This key derivation must be done using the salt "erd".

**optional data**: Key material that optionally is contributed from the authentication method to further obfuscate the key share from the escrow provider.

**encrypted_key_share_i**: The encrypted **key_share** which the escrow provider must release upon successful authentication.
Here, **i** must be a positive number used to iterate over the various **key shares** used for the various **escrow methods**
at the various providers.

**nonce_i**: Nonce which is used to generate *key_i* and *iv_i* which are used for the encryption of the **key share**. **i** must be
the same number as specified above for *encrypted_key_share_i*.
Key derivation must be done using the salt "eks".

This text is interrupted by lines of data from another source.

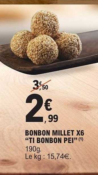 Découvrez dès maintenant la offre BONBON MILLET X6 "TI BONBON PEI!" dans le catalogue de E.Leclerc. Cette offre est valable du 04/11/2025 au 16/11/2025.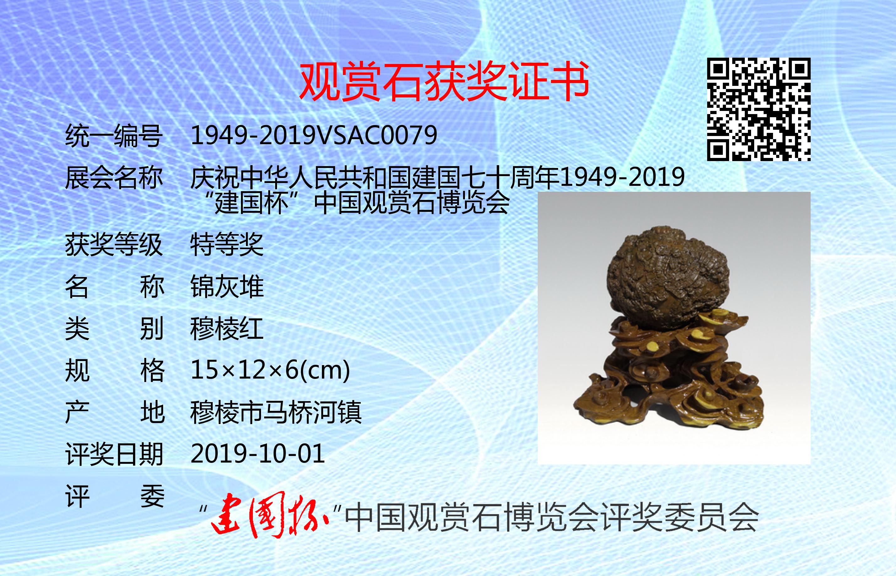 为庆祝建国七十周年,凝聚文化强国之力,推进赏石艺术发展,以最美的赏石精品向共和国生日献礼,特隆重举办了“建国杯”观赏石博览会。本次展会设特等奖、金奖、银奖、入围奖若干(各奖项不设名额限制,采用专家独立鉴评打分,平均鉴评得分91分以上获特等奖;81~90分获金奖;71~80分获银奖;61~70分获入围奖;61以下不获奖。鉴评标准:《观赏石鉴评》GB/T31390-2015)。本次评奖实际日期为2019年9月12日,为了突出纪念意义,证书上评奖日期统一为:2019年10月1日。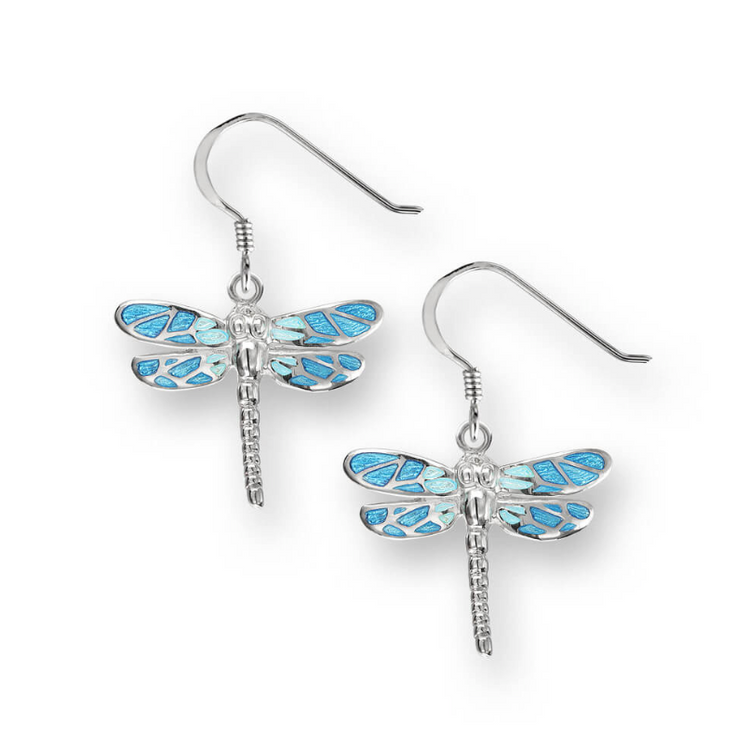 Blue Dragonfly Wire Earrings in Sterling Silver with Vitreous Enamel. Rhodium Plated for easy care.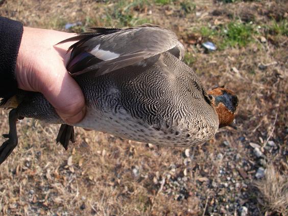 写真、左下ら辺に7〜8羽のカルガモが群れていました。川幅は5〜6m程。右に1羽、他の6〜7羽は橋の際・・・近づき、プレッシャーをかけると、左右に別れ飛び出しました。右の1羽は当然右なんですが、そのカルガモに霞(青の線)を羽合せ!すると何を思ったのか、左に向けてカーブし飛んでいきます。しかし、左のカルガモ達(ピンクの矢印・結果橋の下を抜けていきました)が低めに飛んだ為、直ぐに切り返し右の1羽(赤の線)に目標を変え、猛追します。右のも棒立ちではなく、低目から急上昇の感じだったんですが、霞は追いつき、ちょうど横の電柱の高さ・・・・地上から10m程(紫の×)でしょうか!?で、足に掴みかかり、そのまま絡んで落ちてきました。カルガモは川の砂地に「ボコン!」と言う音と共に落ちた為、据上げにいったときには、首が曲がってヒクヒクしていました。まぁ、川の掘り込みが2m弱あるので12mほど上からの落下の衝撃になりますから・・・・正月早々、なかなか良い追いが見れました。 ☆☆☆☆☆

As a special rule, when a **security question** is used to authorize access to an
**encrypted_key_share_i**, then the salt "eks" is replaced with an (expensive) hash
of the answer to the security question as an additional way to make the key share
inaccessible to those who do not have the answer:

.. code-block:: none

   powh := POW_HASH (qsalt, answer)
   ekss := HKDF("Anastasis-secure-question-uuid-salting",
                powh,
                uuid);
   (iv_i, key_i) := HKDF(key_id, nonce_i, ekss, [optional data], keysize + ivsize)


**qsalt**: Salt value used to hash answer to satisfy the challenge to prevent the provider from determining the answer via guessing.

**answer**: Answer to the security question, in UTF-8, as entered by the user.

**powh**: Result of the (expensive, proof-of-work) hash algorithm.

**uuid**: UUID of the challenge associated with the security question and the encrypted key share.

**ekss**: Replacement salt to be used instead of "eks" when deriving the key to encrypt/decrypt the key share.


Signatures
----------

The EdDSA keys are used to sign the data sent from the client to the
server. Everything the client sends to server is signed. The following
algorithm is equivalent for **Anastasis-Policy-Signature**.

.. code-block:: none

    (anastasis-account-signature) := eddsa_sign(h_body, eddsa_priv)
    ver_res := eddsa_verifiy(h_body, anastasis-account-signature, eddsa_pub)

**anastasis-account-signature**: Signature over the SHA-512 hash of the body using the purpose code ``TALER_SIGNATURE_ANASTASIS_POLICY_UPLOAD`` (1400) (see GNUnet EdDSA signature API for the use of purpose).

**h_body**: The hashed body.

**ver_res**: A boolean value. True: Signature verification passed, False: Signature verification failed.


When requesting policy downloads, the client must also provide a signature:

.. code-block:: none

    (anastasis-account-signature) := eddsa_sign(version, eddsa_priv)
    ver_res := eddsa_verifiy(version, anastasis-account-signature, eddsa_pub)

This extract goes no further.